(Stored entries)
⟨
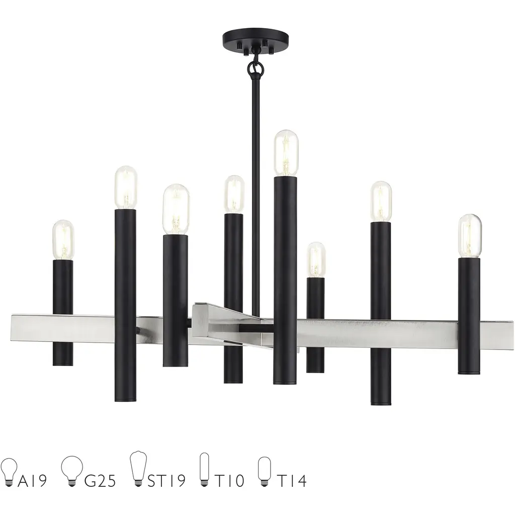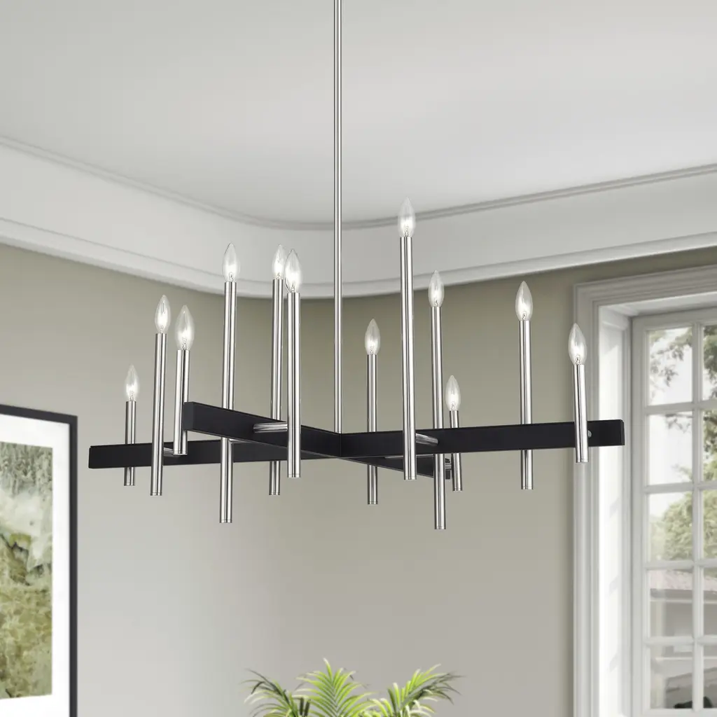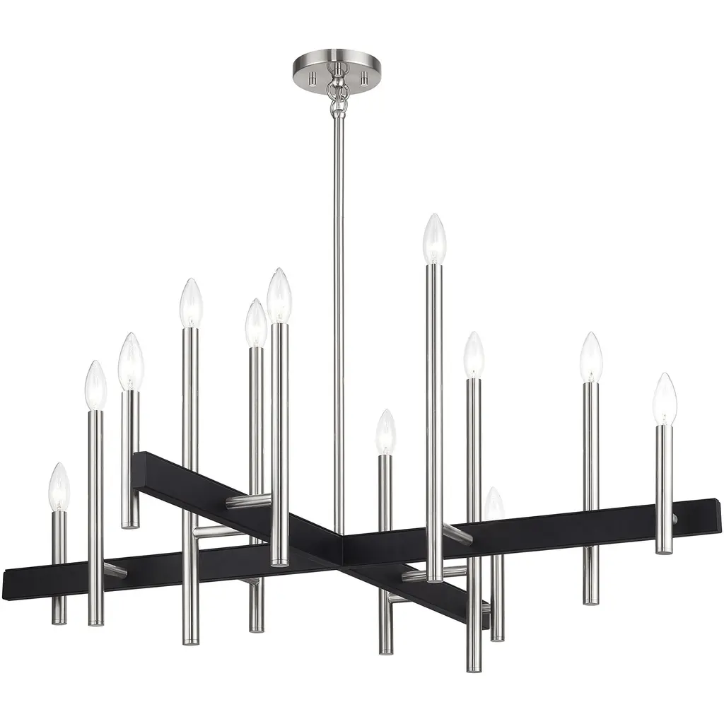 Denmark 12 Light Brushed Nickel With Black Accents Linear Chandelier Ceiling Light
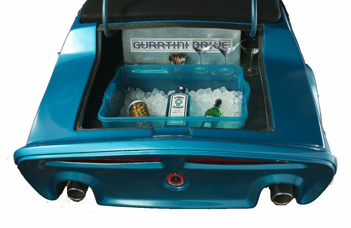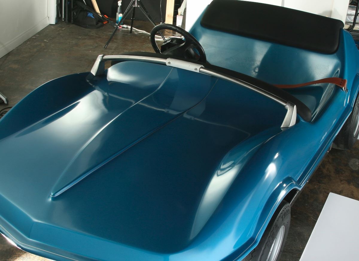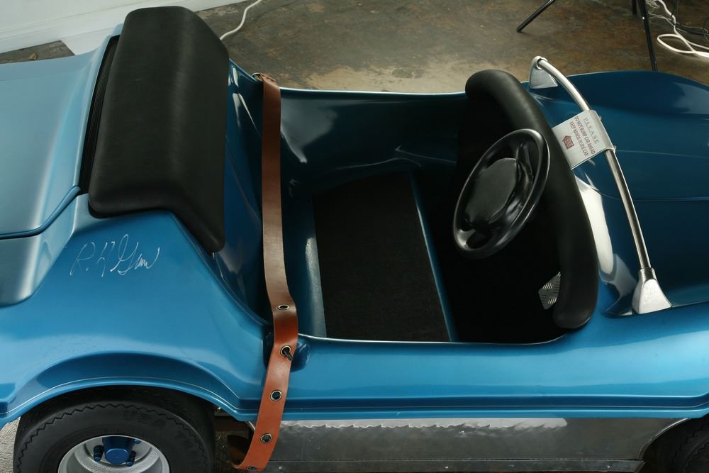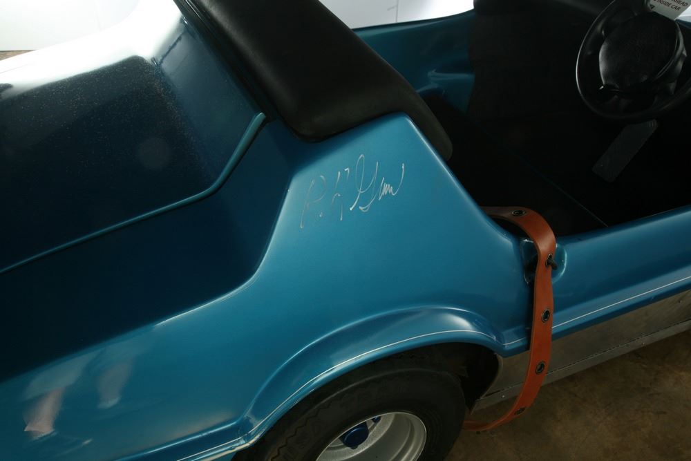 (Disneyland, 1967-1999) Beautiful Disneyland Mark VII Autopia Vehicle, custom restored by collector Kevin Doherty. The Mark VII vehicles went into service at Disneyland in 1967, and were removed from the attraction in 1999, though the original chassis are still used today. This Mark VII fiberglass body was obtained by Doherty, and custom modified for the Premier Party to celebrate Bob Gurr’s Book, “Design, Just For Fun”. Imagineer Bob Gurr is the designer of the Disneyland Autopia vehicles in addition to numerous other Disneyland ride vehicles. Placed on a custom-built chassis, this Mark VII includes working head and tail lights, and a reproduction classic leather seat belt. Doherty also converted the rear engine compartment into a "mini bar", complete with a sound system and ice chest. The vehicle was often utilized at parties attended by Bob Gurr and other Imagineers. To show his approval, the vehicle has been hand-signed by Gurr and nicknamed "The Gurrtini" after Gurr's favorite drink. The car measures 105"x45"x34" and is in very fine condition. Special shipping arrangements will apply.
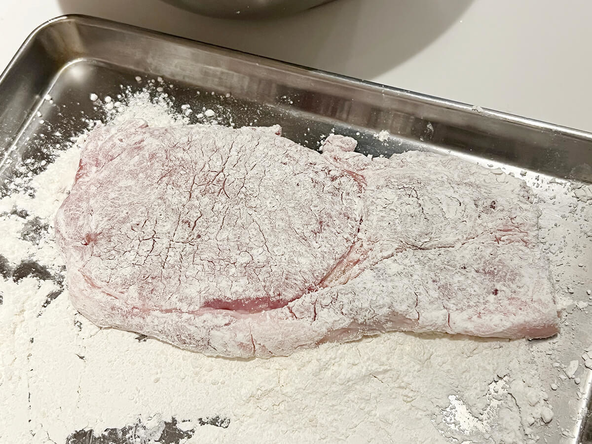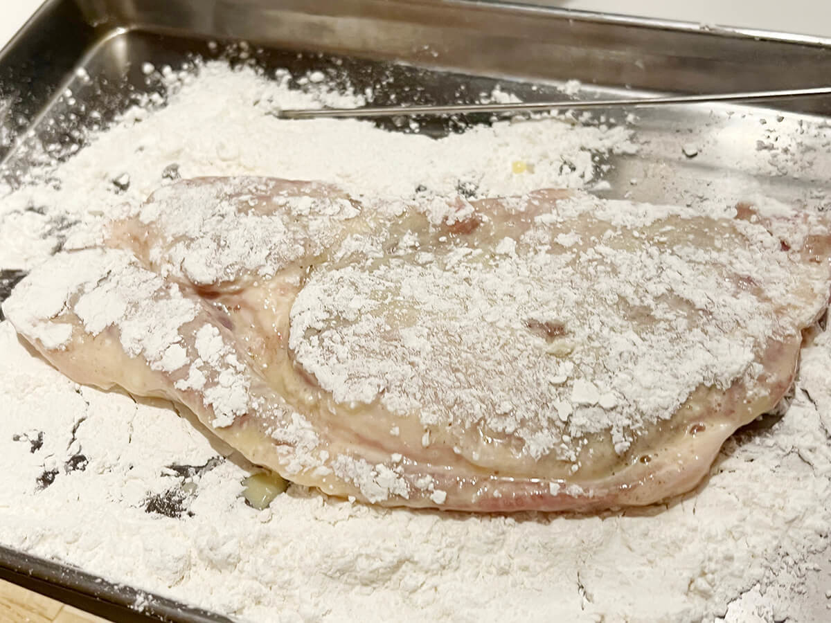全体に薄力粉をつけ、③の卵液にくぐらせます。
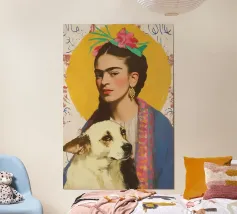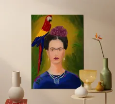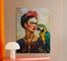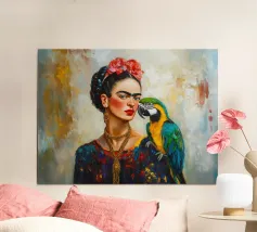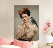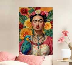 Il murale di moda mostra Frida Kahlo in stile boho con un uccello sulla spalla, circondata da motivi floreali e colori tenui della terra.
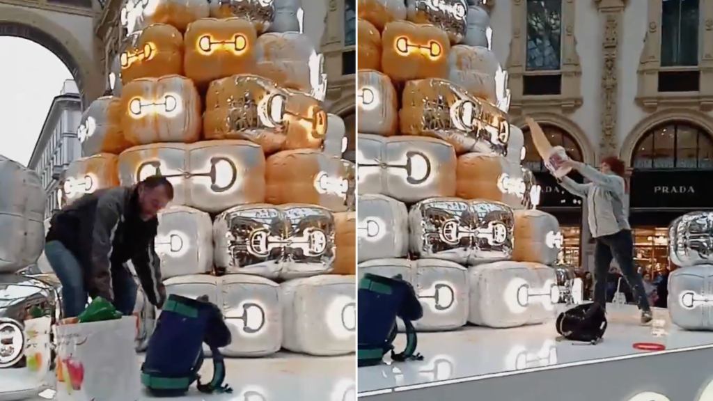 Nella mattinata di oggi, 29 dicembre 2023, un nuovo blitz degli ambientalisti si è registrato in quel di Milano: nel mirino il tanto chiacchierato albero di Natale di Gucci posto all’interno della Galleria Vittorio Emanuele, composto da una serie di borse messe a mo’ di piramide. Dopo averlo colorato di arancione si sono anche “incollati” le mani a terra, un gesto spesso e volentieri ripetuto dagli attivisti per il clima di Ultima Generazione.
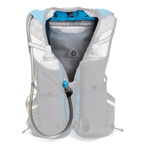 ハイドレーションパックは、背中との接地面の専用ポケットに収納可能。サスペンションシステムにより、水量が減っても身体と密着した圧縮状態が保たれ、走行中の水の揺れによる走行リズムの乱れを抑えます。ハイドレーションホースは左右の肩どちらからでも通すことができます。
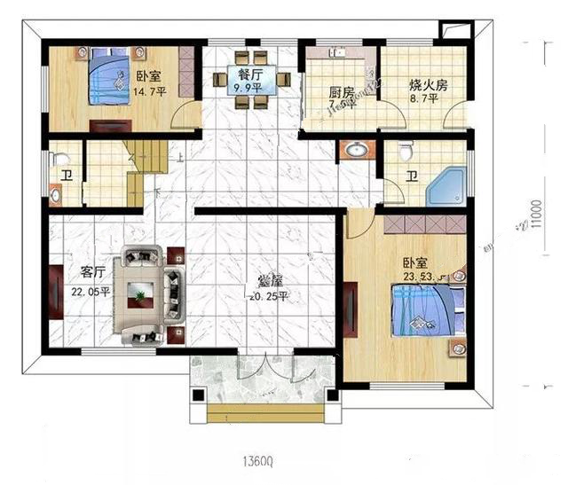 占地尺寸:13.6m×11m
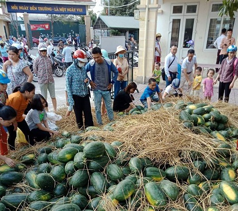 Sinh viên ĐH Đông Đô hăng hái hỗ trợ tiêu thụ dưa hấu giúp nông dân Quảng Nam
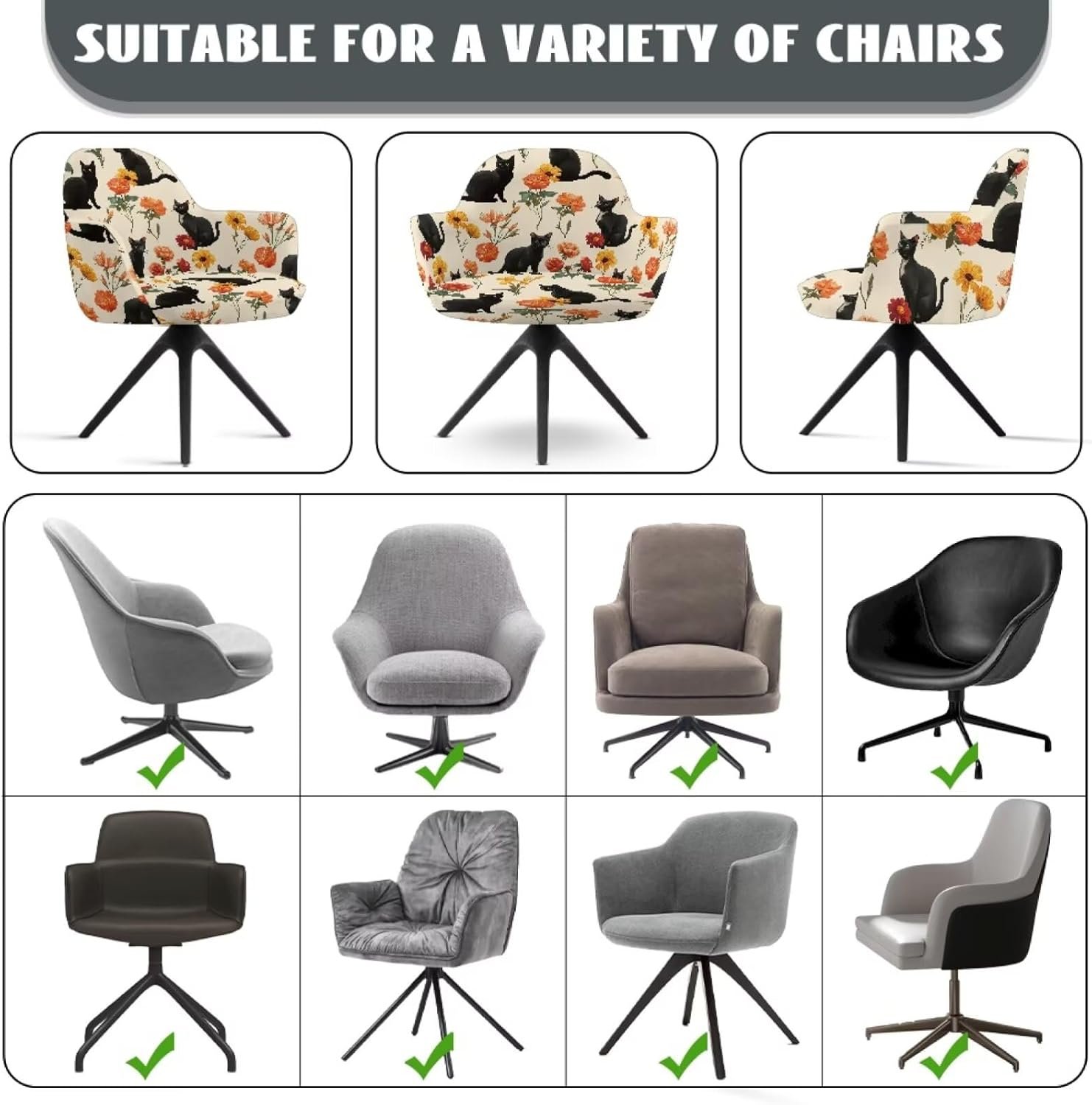 These stretchy covers fit swivel chairs with back heights of 15.7″-18.9″, seat depths of 16.5″-20.5″, and armrests up to 11.8″. The elastic hem ensures a snug, slip-free fit, hugging every curve without gaps or bunching. Always double-check our size chart for compatibility!
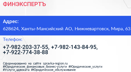 ФИНЭКСПЕРТЪ по адресу 628624, Ханты-Мансийский АО, Нижневартовск, Мира, 63 в дальнейшем Организация, размещена в следующих категориях:
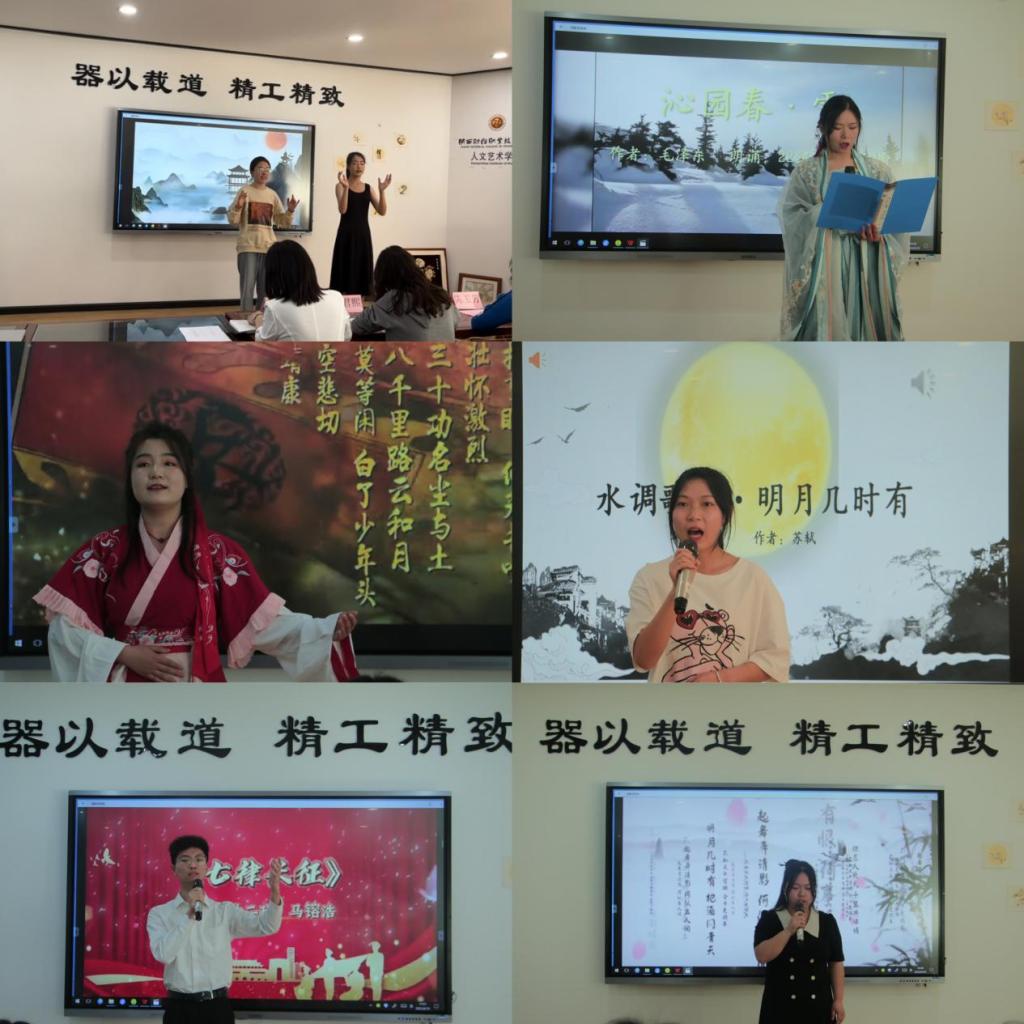 为弘扬中华优秀传统文化,加快学院语言文字规范化建设,提高学生人文素养,4月19日下午,人文艺术学院在花画实训室顺利举办了“收百世之阙文 采千载之遗韵”——中华诵写讲系列活动之经典诗词诵读大赛总决赛。学院语言文字工作委员会马晶照、刘丹柏、陈玉芳、王娟、付佳、田君熙、魏兰妤等参与活动并担任评委。
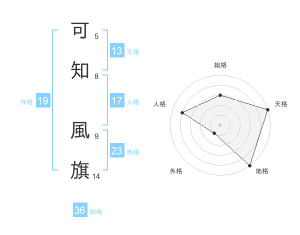 可知 風旗さんの地格は23画の5点!
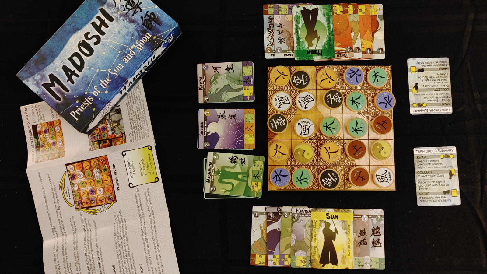 To start, there are 5 elements, earth, air, wood, water and fire, arranged in a 5 by 5 grid at random. There are 3 active Yokai at a time, which require matching 3, 4, or 5 elements strictly, so no rotation is allowed to make the match work. Each player will take turns swapping a single pair of element tokens, and if they match the element grid of one or more yokai, they take the yokai and its points and trigger its special effect. These effects range from flipping an elemental token, causing them to be either void, which is unuseable, or wild, which is usable as any element.
⟩
### PROBLEM
Using the entries above, write out exactly the lines from the one with "占地尺寸:13.6m×11m" through the one with "These stretchy covers", ends included. Leave out any pictures.

### RESULT FOR THIS EXERCISE
 占地尺寸:13.6m×11m
 Sinh viên ĐH Đông Đô hăng hái hỗ trợ tiêu thụ dưa hấu giúp nông dân Quảng Nam
 These stretchy covers fit swivel chairs with back heights of 15.7″-18.9″, seat depths of 16.5″-20.5″, and armrests up to 11.8″. The elastic hem ensures a snug, slip-free fit, hugging every curve without gaps or bunching. Always double-check our size chart for compatibility!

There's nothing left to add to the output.